What needs to be done:
Once you find the line containing "北日本や東日本を中心に本格的", set down exactly that line and every one after it through the end of the listing below, with both ends included and any pictures omitted.

Given information:
────────────────────────────────────────

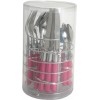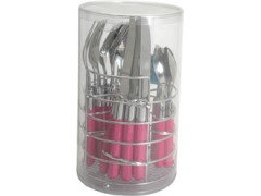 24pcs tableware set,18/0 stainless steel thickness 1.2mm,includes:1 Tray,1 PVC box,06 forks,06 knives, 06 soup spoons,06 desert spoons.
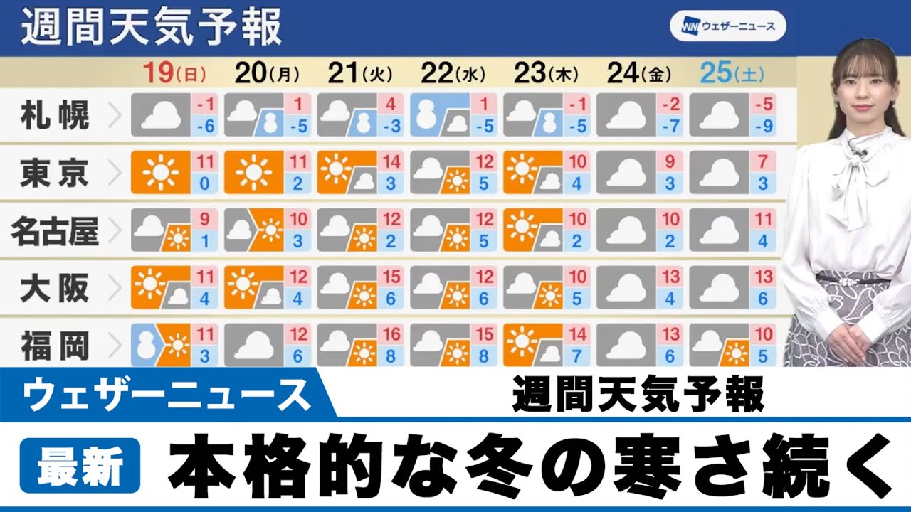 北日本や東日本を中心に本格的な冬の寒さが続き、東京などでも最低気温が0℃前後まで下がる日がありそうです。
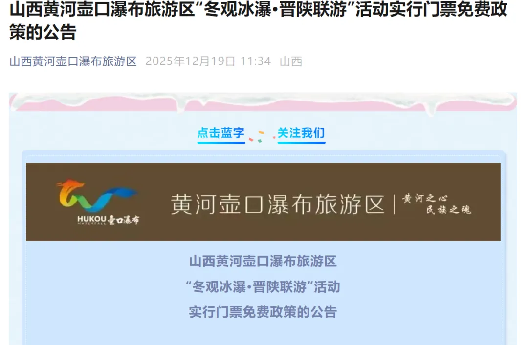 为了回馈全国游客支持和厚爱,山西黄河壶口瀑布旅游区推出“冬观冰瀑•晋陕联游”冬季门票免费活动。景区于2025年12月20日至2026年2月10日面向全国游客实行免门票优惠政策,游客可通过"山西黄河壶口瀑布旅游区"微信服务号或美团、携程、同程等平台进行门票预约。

────────────────────────────────────────

Task response:
 北日本や東日本を中心に本格的な冬の寒さが続き、東京などでも最低気温が0℃前後まで下がる日がありそうです。
 为了回馈全国游客支持和厚爱,山西黄河壶口瀑布旅游区推出“冬观冰瀑•晋陕联游”冬季门票免费活动。景区于2025年12月20日至2026年2月10日面向全国游客实行免门票优惠政策,游客可通过"山西黄河壶口瀑布旅游区"微信服务号或美团、携程、同程等平台进行门票预约。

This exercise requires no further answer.